Labour Government Would Reintroduce 50p UK Tax Rate
Shadow Chancellor Ed Balls has announced a raft of economic pledges that a Labour government would enforce if it wins the next election, including raising the top rate of tax to 50% for the country's highest earners.
In a speech on Saturday at the Fabian Society, Balls said a Labour government would reintroduce the 50p top rate of income tax for those earning over £150,000.
The last Labour government raised the upper tax band from 40% to 50% in 2010 in response to the recession, but the coalition has since cut it to 45%.
Labour said the move was part of a package that it claimed would balance the books, deliver a surplus on the current budget and get the national debt falling in the next Parliament.
Balls said: "The latest figures show that those earning over £150,000 paid almost £10bn more in tax in the three years when the 50p top rate of tax was in place than when the government conducted its assessment of the tax back in 2012.

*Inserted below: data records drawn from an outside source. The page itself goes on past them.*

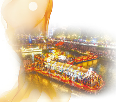 市民游客在宣恩县水上市集游玩。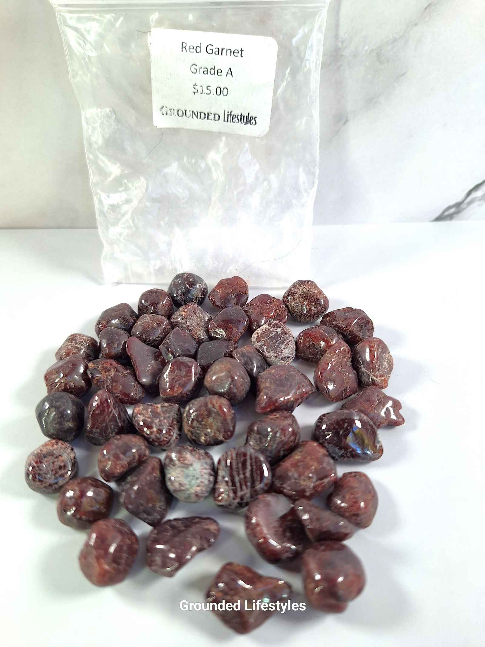 Polished tumbled garnets display a striking translucent red to reddish-brown tone, often with internal flashes that mirror embers under light. Their dense weight and consistent polish give them a tactile, grounding feel prized by collectors and healers alike.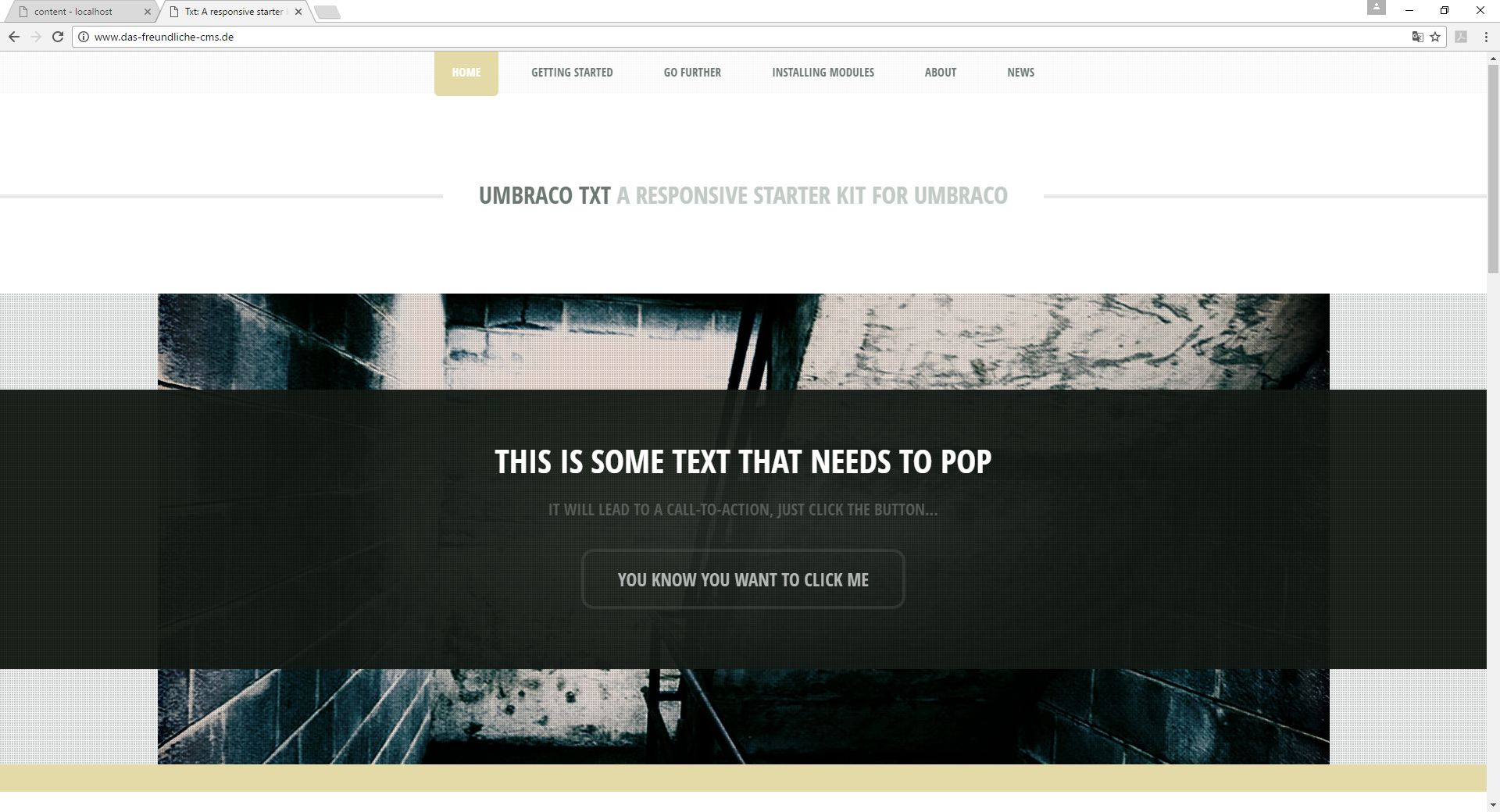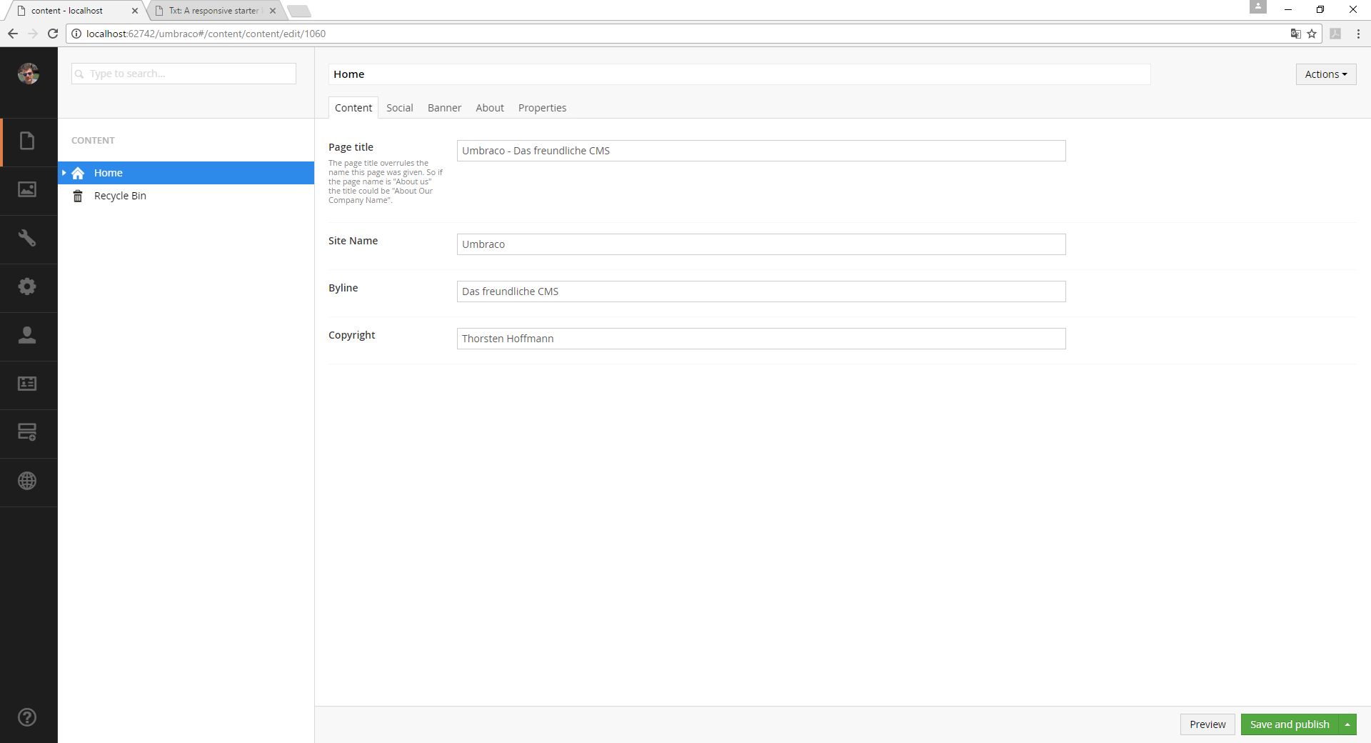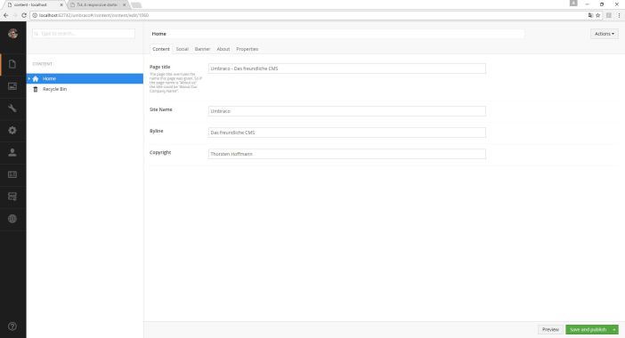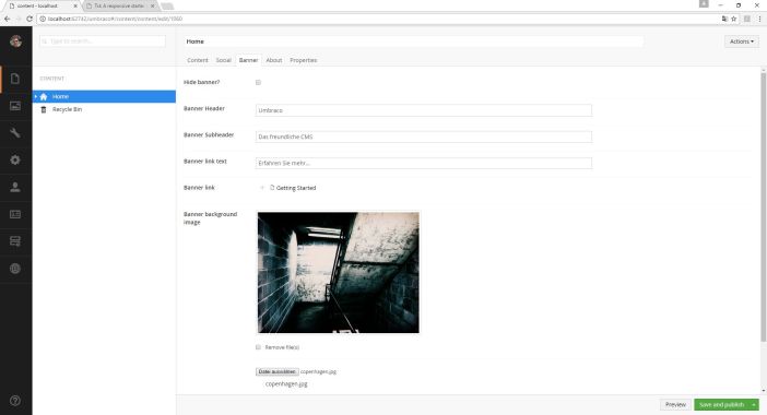 Jetzt können wir uns ins lokale Backend einloggen und mit dem Ändern von Inhalten beginnen. In diesem Beispiel ändern wir Page title, Site Name, Byline, Copyright sowie die Bannerinformationen und Hintergrundbild unserer Startseite: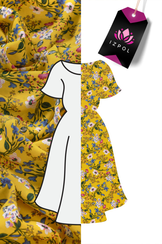 Itāļu audums 100% viskoze ar mazu ziedu (pļavu) motīvu uz dzeltena fona. Neelastīgs, matēts, smags audums - ideāli piemērots vasaras kleitas, blūzes vai svārku šūšanai. Sastāvs:

"When the deficit is still high... it cannot be right for David Cameron and George Osborne to have chosen to give the richest people in the country a huge tax cut." He went on to say a Labour government would "reverse this unfair tax cut for the richest 1% of people in the country".
But Balls avoided the issue of planned Labour cuts, saying: "We won't be able to reverse all the spending cuts and tax rises that the Tories have pushed through. We will have to govern with less money, which means the next Labour government will have to make cuts, too.
"No responsible Opposition can make detailed commitments and difficult judgments about what will happen in two or three years' time without knowing the state of the economy and public finances that we will inherit."
Balls said a Labour government would abolish the "discredited" rolling five-year targets and legislate for new fiscal rules within 12 months of the general election, and ask the Office for Budget Responsibility to independently audit the pledges made in their manifesto.
But Conservative Treasury minister David Gauke questioned the value of a top rate tax rise. He said: "Under this government, the wealthiest are paying a greater share of income tax than they ever have before and we are bringing in a whole host of measures to ensure that the wealthiest pay the most.
"If Labour want to deliver a reduced deficit, given their opposition to any of the spending cuts we're putting in place, then I'm afraid they're just going to have to put up taxes on everyone - not just the top earners."